Knowledge about the quantity, quality and seasonal dynamics of root biomass in perennial systems is scarce. This imposes considerable uncertainty in soil carbon models, which are highly sensitive to carbon input. This study provides important insights into the belowground biomass C and N dynamics of two contrasting perennial land-use types. Furthermore, it has been demonstrated that a representative assessment of belowground biomass parameters, like those of aboveground biomass, requires a consideration of its seasonal dynamic. This is especially crucial when two different land-use types are to be compared.
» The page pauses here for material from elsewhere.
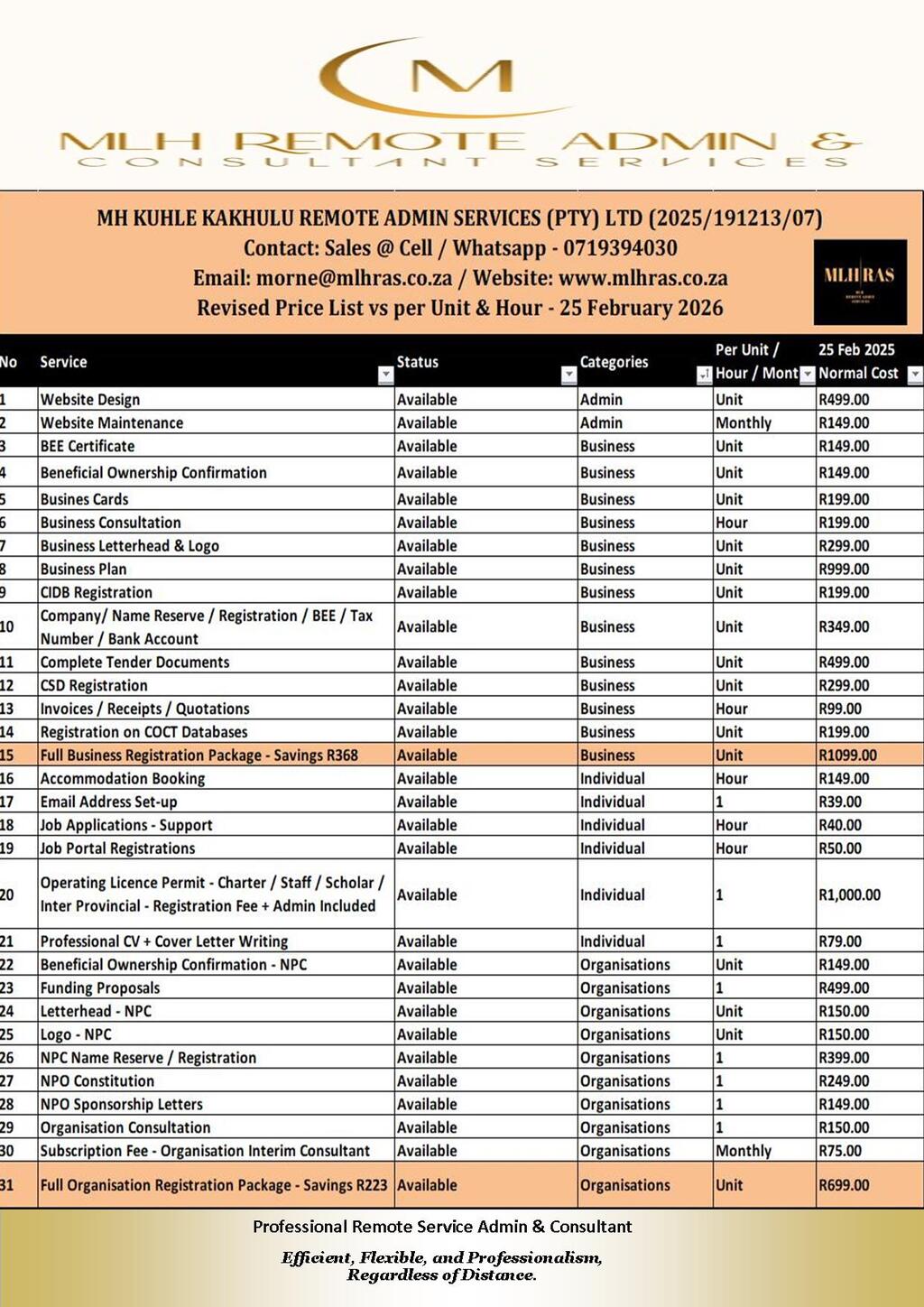 MLHRAS offers a comprehensive range of administrative and consulting services including data entry, business compliance registrations, mailing list updates, business plans, tender applications, SMME training and workshops.

The relatively low Miscanthus signal in topsoil SOC suggested a slow turnover of rhizome-derived carbon, which needs to be taken into account when estimating the belowground carbon inputs of rhizomatous plants. Finally, the large differences between grassland and Miscanthus belowground biomass, especially in deeper soil layers, are likely to lead to SOC sequestration in the long term. Deep rooting plants are also important for soil structure and are more drought resistant than less deep rooting plants. Together with the fact that large amounts of biomass are produced with low fertilizer supply this makes Miscanthus an interesting and climate-smart biomass crop, while the current global market is still small.